Maybe not completely outside, but on the edges a little can give you an edge. The contender for the January system of the month was certainly one of them. Adding to a position that’s 125 pips down? Sounds so stupid, it might actually work! The fact that is incredibly basic but that we sometimes forget is the following: as long as a system’s R:R compensates it’s win rate, it’s a winning system. The stupid system I talked about earlier is one of these. A myfxbook link can be found somewhere through this blog if you dig enough. It’s simple. It revolves around the idea that If I can accurately predict the market 50% of the time, I simply need R:R higher than a 2:1 to be profitable. If i can predict it 25% of the time, I need it higher than 4:1. Etc. If I trade a volatile market, I’m likely to reach a 2:1 or 4:1 with certain entries and SLs.

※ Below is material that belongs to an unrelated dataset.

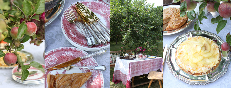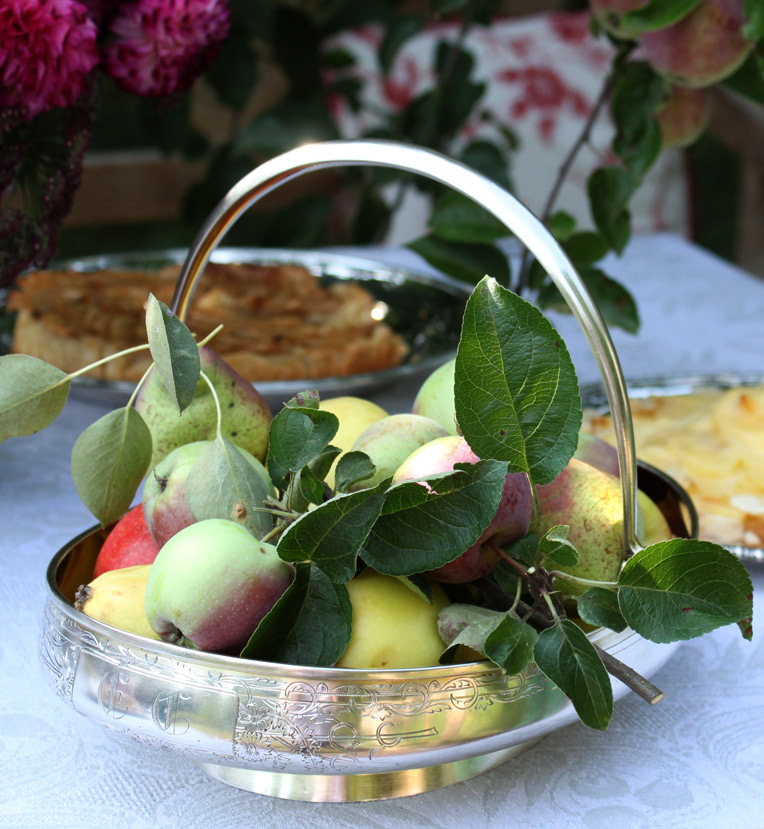 Die tiefer stehende Sonne verkündet, die heißen Tage sind vorbei. Jetzt beginnt der Altweibersommer mit seinem warmen Licht und den satten Farben in Natur und Garten. Unsere Apfelbäume tragen schwere Last und auch die ersten Birnen, späten Pflaumen und die Brombeeren sind jetzt reif zum Ernten. Wir laden zur Teestunde unterm Apfelbaum. Die noch warmen, herrlich duftenden Apfel-Tartes (aus eigener Ernte) werden auf runden Silberplatten serviert. Die glatte Platte kommt aus Lyon um 1800 , die geschwungene Platte mit dem verzierten Rand im Stil des 18. Jahrhunderts entstand rund 100 Jahre später in Deutschland. Der kurze Kuchenheber hat eine besonders schön verzierte Laffe und einen interessanten Griff aus orangefarbenem Achat. Er wurde von der renommierten niederländischen Firma van Kempen 1882 hergestellt. Das dekorative, dreiteilige Teeservice stammt aus Wien. Die große Kanne mit den geschwungenen Zügen fasst zwei Liter, also gut 8 bis 10 Tassen Tee und ist, genau so wie Milchkännchen und Zuckerdose innen vergoldet. Der große Jugendstil-Streuer mit seinem plastisch herausgearbeiteten Früchtedekor und dem originalen blauen Glaseinsatz ist mit Puderzucker, den wir für die Apfelkuchen mit ein wenig Zimt gemischt haben, gefüllt. Dafür wurde er damals - in München um 1910 – gemacht und auch verwendet. In Weimar zur gleichen Zeit entstand das kleine Schälchen, das ebenfalls Herbstfrüchte ziert. Aus den Anfängen des Jugendstils 1894 stammt der prachtvolle Moskauer Henkelkorb, den wir mit frisch gepflückten Äpfeln und Birnen geschmückt haben. Er hat diesen, für russisches Silber ganz typischen, mattierten, fast golden schimmernden Silberglanz, aufwändige Blütengravierungen und eine perfekt erhaltene Innenvergoldung. Ein wirklich außergewöhnliches Stück! Da die Tartes ganz frisch und noch warm sind decken wir dazu ein Kuchen-Dessertbesteck, zierliche Silbergabeln - und messer mit vergoldetet Zinken und Klingen. Das Besteck der Düsseldorfer Besteckmanufaktur Bahner von 1890 wird als Zwölfersatz angeboten.

When people say study the charts and study price, they mean it. Find an edge. Build a system. Test it, break it, fix it until it works.

Tip 4: the next steps
Imo, the next step after finding your trade style and coming up with a potential system is to just trade it! Don’t just put in orders and hope for the best though. Do what I do,and what jwlee does on his blog (if you want a link to that he’ll be more than happy to give it to you next time he’s in chat). After a trade week, month, session, w/e, review the trades. What worked, what didn’t? Bad entry? Bad bias, missed something on the charts? Something else pop out? Write some notes to help your memory. Write notes to learn. Do you remember how price moved in the past 3 weeks in the pairs you trade? If I asked you to draw a 4hr chart, how would you do? does that even matter to your trade system? This is why they say that beginners should focus on the learning, not the profits. The numbers will the change, the technique remains.

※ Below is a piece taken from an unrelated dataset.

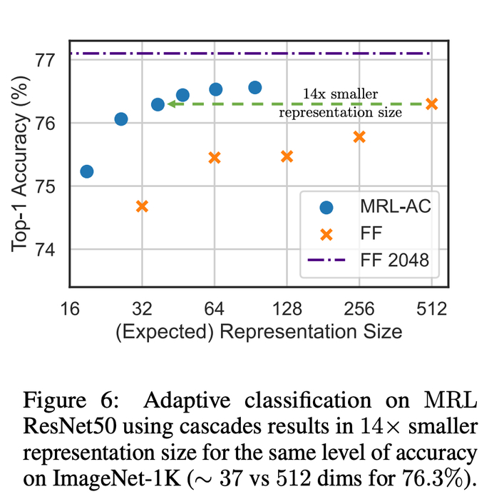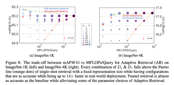 同样地,研究者在自适应检索系统中也使用了 MRL。在给定一个查询的情况下,使用查询嵌入的前几个 dimensions 来筛选检索候选对象,然后连续使用更多的 dimensions 对检索集进行重新排序。与使用标准嵌入向量的单次检索系统相比,这种方法的简单实现可实现 128 倍的理论速度(以 FLOPS 计)和 14 倍的墙上时钟时间速度;需要注意的是,MRL 的检索精度与单次检索的精度相当(第 4.3.1 节)。

Don’t get too hung up over a system either. Just because you spent 5 months developing it and editing it doesn’t mean it’s profitable 6 months from now. Some things can be repaired and made better. Some things just suck.
If you’re curious as to what exactly is on my charts, they are:

daily, weekly, monthly pivots. 8, 19, 200emas. Sessions indicator highlighting the sessions and their respective pip ranges. ICT’s ADR-provides a possible range of the days high and low. I use fib retracements and extensions. I’m also running 2 systems; the charts on here are from my discretionary system which I have no problem going into detail about. The other will remain as my little gem that could possibly be figured out through stalking my fxbook, not that it’s wildly profitable.

Hope it helps, I’m open to any more clarification or questions. Feedback is appreciated! Either via comments here or in the chat room.